166 Parameters for these exotic species aren't available in force field X.
169 First, you should consider how well :ref:`MD <gmx-md>` will actually describe your
170 system (e.g. see some of the `recent literature <https://dx.doi.org/10.1021%2Facs.chemrev.6b00440>`__).
171 Many species are infeasible to model without either atomic polarizability, or QM treatments.
172 Then you need to prepare your own set of parameters and add a new residue
173 to your :ref:`force field <gmx-force-field>` of choice. Then you will have to validate that
174 your system behaves in a physical way, before continuing your simulation studies. You could
175 also try to build a more simplified model that does not rely on the complicated additions,
176 as long as it still represents the correct *real* object in the laboratory.
178 #. Should I take parameters from one force field and apply them inside another that is missing them?
180 **NO**. Molecules parametrized for a given
181 :ref:`force field <gmx-force-field>` will not behave in a physical manner when interacting with
182 other molecules that have been parametrized according to different standards. If your
183 required molecule is not included in the force field you need to use, you will
184 have to parametrize it yourself according to the methodology of this force field.
186 Analysis and Visualization
187 --------------------------
189 .. todo:: #. How do I visualize a trajectory?
191 gmx-howto-visualize doc target:
195 Use one of the number of different programs that can visualize
196 coordinate :ref:`files and trajectories <gmx-howto-visualize>`.
198 #. Why am I seeing bonds being created when I watch the trajectory?
200 Most visualization softwares determine the bond status of atoms depending
201 on a set of predefined distances. So the bonding pattern created by them
202 might not be the one defined in your :ref:`topology <top>` file. What
203 matters is the information encoded in there. If the software has read
204 a :ref:`tpr <tpr>` file, then the information is in reliable agreement
205 with the topology you supplied to :ref:`grompp <gmx grompp>`.

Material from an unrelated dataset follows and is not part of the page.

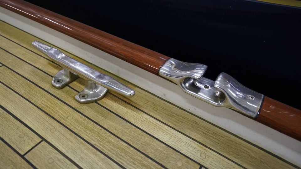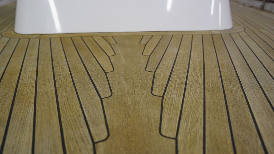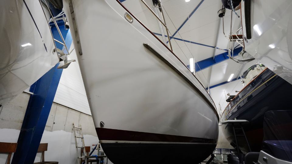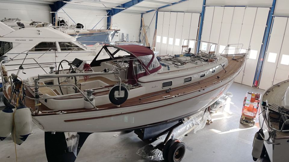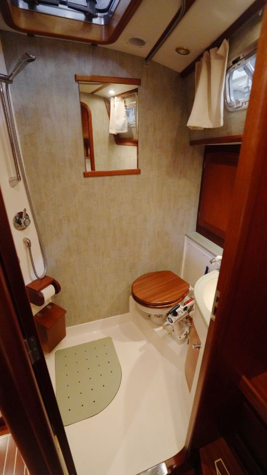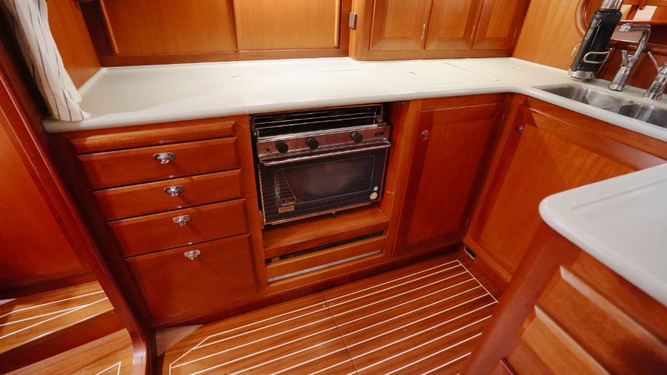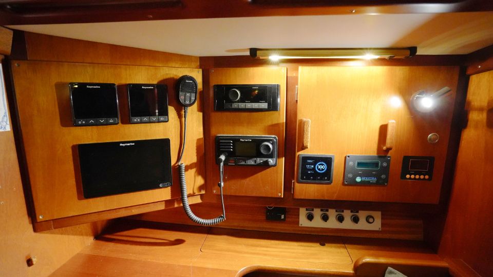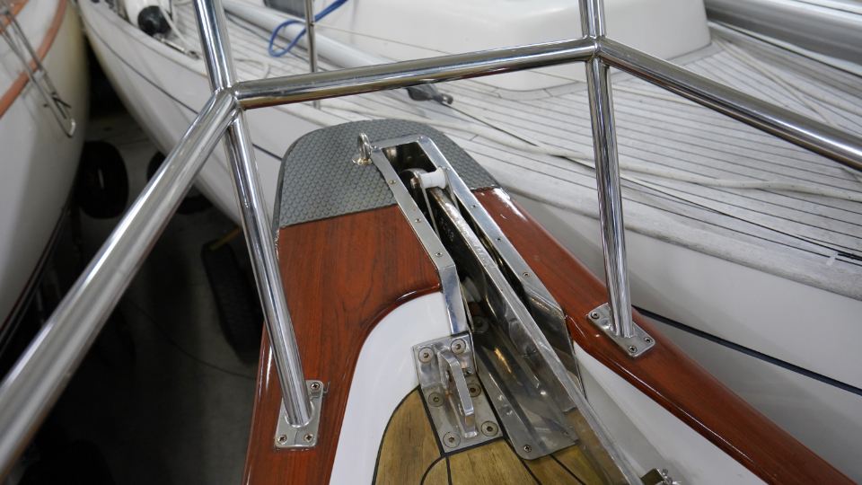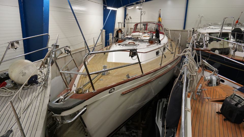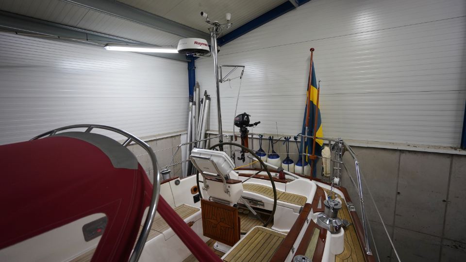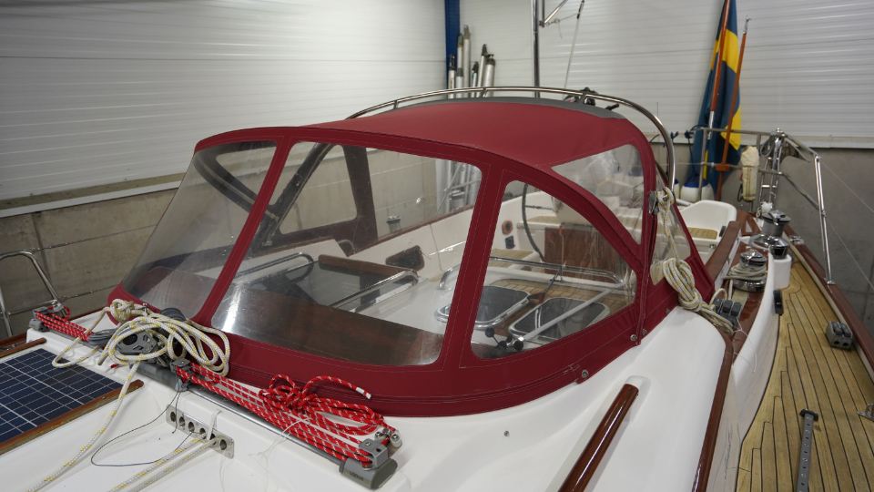 Invändigt erbjuder båten en välplanerad och funktionell layout. Förut finns en rymlig ägarkabin med bred dubbelkoj, gott om förvaring samt egen toalett med dusch. Akterut finns två gästkabiner med dubbelkojer. Direkt till babord om nedgången ligger ett stort och välutrustat pentry med generösa arbetsytor och goda förvaringsmöjligheter, anpassat för att fungera även i sjögång. Till styrbord finns en toalett med dusch samt en praktisk navigationsplats. Salongen är ljus och inbjudande med en stor C-formad soffa, ett rejält salongsbord, två bekväma fåtöljer samt gott om skåp och bokhyllor. Inredningen i teak ger en varm och gedigen känsla.

207 #. When visualizing a trajectory from a simulation using PBC, why are there holes or my peptide leaving the simulation box?
209 Those holes and molecules moving around are just a result of molecules
210 ranging over the :ref:`box boundaries and wrapping around <gmx-pbc>`,
211 and are not a reason for concern. You can fix the visualization using :ref:`trjconv <gmx trjconv>`
212 to prepare the structure for analysis.
214 #. Why is my total simulation time not an integer like it should be?
216 As the simulation time is calculated using :ref:`floating point arithmetic <gmx-floating-point>`,
217 rounding errors can occur but are not of concern.